Deploy Docker Compose applications with zero downtime using GitHub Actions

Deploy Docker Compose applications with zero downtime using GitHub Actions

This example demonstrates Blue-Green deployments using Docker Compose and GitHub Actions, deploy an app with zero downtime

July 21, 2024
Table of Contents

Deploying an application with Docker Compose typically requires you to follow these steps: pull the new image, destroy the container and, recreate the container with the new image. The downside, especially if your application takes a few seconds to boot, is that you can have a moment of downtime between destroying the old container and creating the new one.

A zero downtime deployment, commonly referred to as a "blue-green" deployment, involves creating two instances of your application: the old version (blue) and the new version (green). A proxy is used to seamlessly route traffic from the old app to the new app.

About the example

The application used in this example is a simple FastAPI app that performs geolocation on IP addresses — you can view the API docs here. This is a stateless application so, it's easy to Dockerise and demonstrate.

In this example, we'll use Caddy for a reverse proxy server, but you could also use NGINX, Traefik, HAProxy, etc. If you want to take a look at the full source, you can find the example project on GitHub.

Overview

By default, traffic flows to both the Blue instance using Caddy as a reverse-proxy. The green instance is declared in the Docker Compose file but remains inactive.

Overview

When deploying, we modify our reverse-proxy configuration to route traffic to only the Green instance. With a graceful shutdown using a SIGTERM signal, we make sure that all requests have been processed and that the Blue instance is idle. Then we can then destroy and recreate the Blue instance with our new image.

Recreate Blue

When the Blue instance is up-to-date and ready, we can route the traffic to it and remove the Green instance. Once fully deployed, traffic flows normally and the app instance uses the latest image version.

Docker Compose

In our compose.yaml file, we can define both Blue and Green instances of our application. Using YAML anchors, we can avoid repeating the same properties.

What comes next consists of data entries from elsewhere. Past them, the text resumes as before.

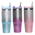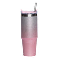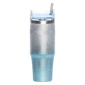 Termo con glitter, insulado al vacío, con tapa enroscable. Incluye popote.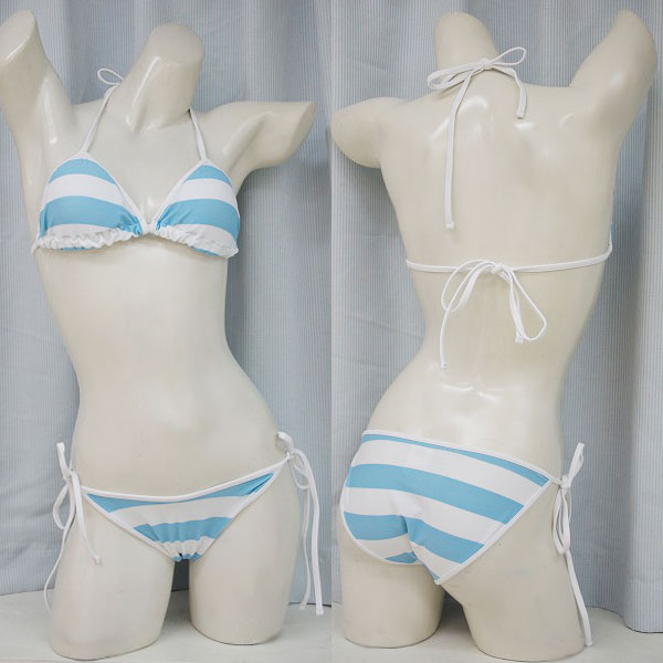 パステルカラーで萌え感たっぷり!サックス×ホワイトのボーダー柄ビキニセットが登場しました。太めのしま模様がとってもラブリー!ホルターネックの三角ビキニはブラパット付き、ショーツのサイドリボンは取り外しが可能な紐パン仕様です。キュートなしましま水着でビーチやプールへGO!※水洗い可、塩素系漂白剤による漂白不可、アイロンは中温で当て布使用、ドライクリーニング可※こちらの商品は在庫の状況によりお届けまでに4日〜7日程度かかる場合がございます。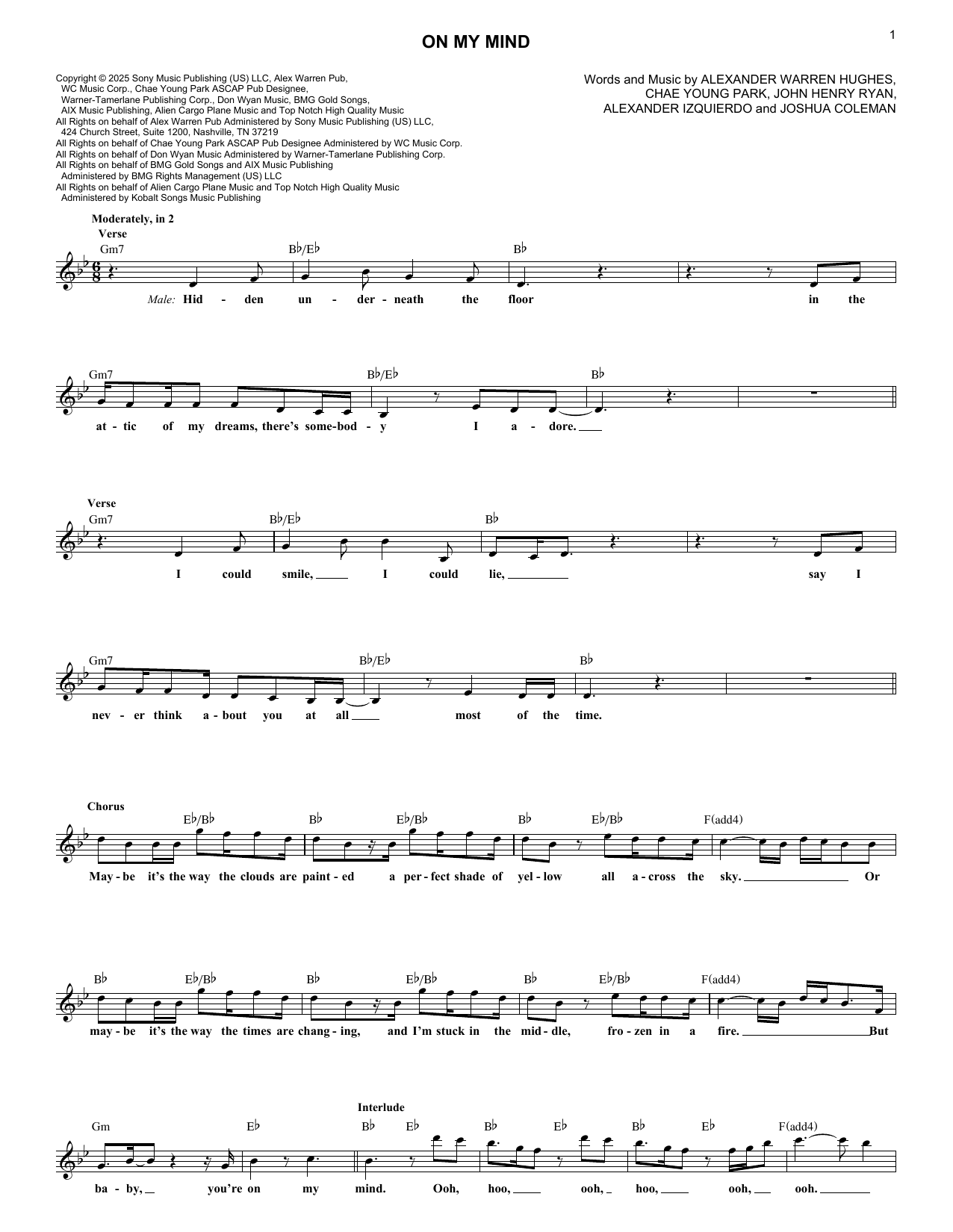 Download or print Alex Warren and ROSÉ On My Mind sheet music, chords and digital score arranged for Lead Sheet / Fake Book. This Pop score includes 3 page(s).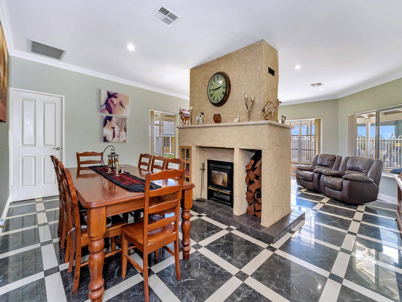 ·       Central double-sided log fireplace.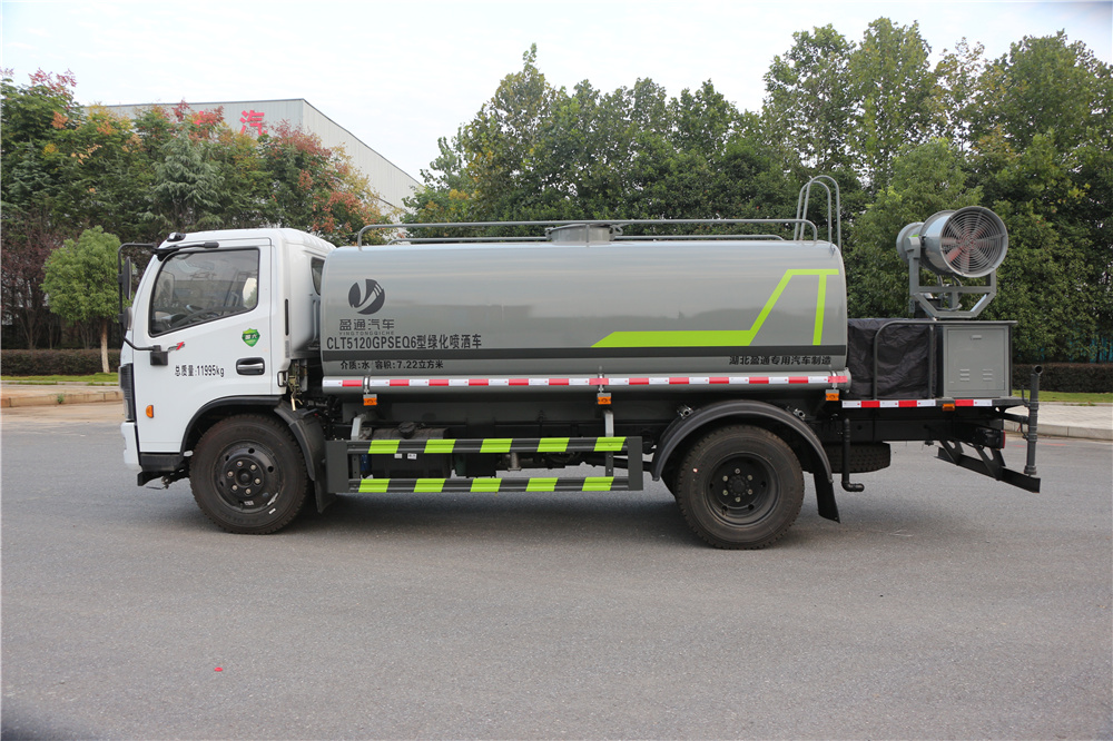 专用功能配置:罐体实际容积约为9立方米,采用武钢优质碳钢板卷压成型。配备专用洒水泵,自吸自排,前喷后洒、侧喷、后工作平台及洒水高压炮。洒水泵自吸高度为6米左右,整车洒水宽度14米左右,后工作平台水炮可调成:直冲状、大雨、中雨、小雨、毛毛雨,有效射程≥28米,整车带消防接头、水位计,自流阀。后工作平台主管道有一个一寸的浇花接口,附送2根3米水管,1个爬梯,两侧及后保险杠。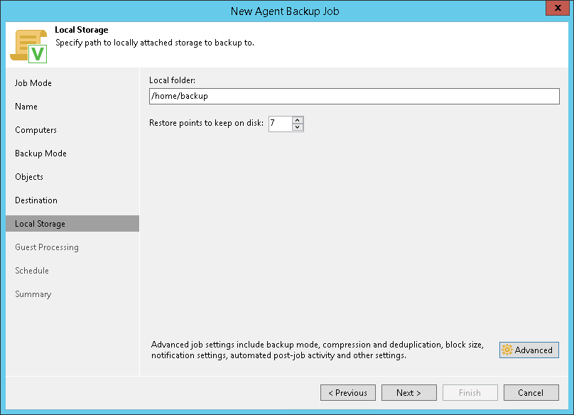 - In the Local folder field, type a path to a folder on a protected computer where backup files must be saved. If the specified folder does not exist in the file system of a protected computer, Veeam Agent for Linux will create this folder and save the resulting backup file to this folder. If the volume on which the specified folder must reside does not exist on a protected computer, Veeam Backup & Replication will not apply the backup job settings to this computer.

There is also a custom Caddy image with our configuration exposed to port 8080. In this example, SSL termination is provided by an NGINX server outside of Docker, but you could use expose Caddy on port 443 and perform SSL termination there instead.

services:
  zerodowndeploy-blue: &app
    container_name: zerodowndeploy-blue
    image: ghcr.io/jamie-mh/zerodowndeploy:latest
    restart: always
    stop_signal: SIGTERM
    stop_grace_period: 30s
    networks:
      - zerodowndeploy

  zerodowndeploy-green:
    <<: *app
    container_name: zerodowndeploy-green
    restart: unless-stopped

  zerodowndeploy-caddy:
    container_name: zerodowndeploy-caddy
    image: ghcr.io/jamie-mh/zerodowndeploy-caddy:latest
    restart: always
    ports:
      - 8080:8080
    networks:
      - zerodowndeploy

networks:
  zerodowndeploy:
    driver: bridge

In our Caddyfile, we can simply expose the server on port 8080 and perform a simple load balance on both instances of the app.

:8080

reverse_proxy {
    to zerodowndeploy-blue:8000
}

To make this self-contained, a custom Caddy image is used. This also includes cURL that we will use to interact with the admin API later.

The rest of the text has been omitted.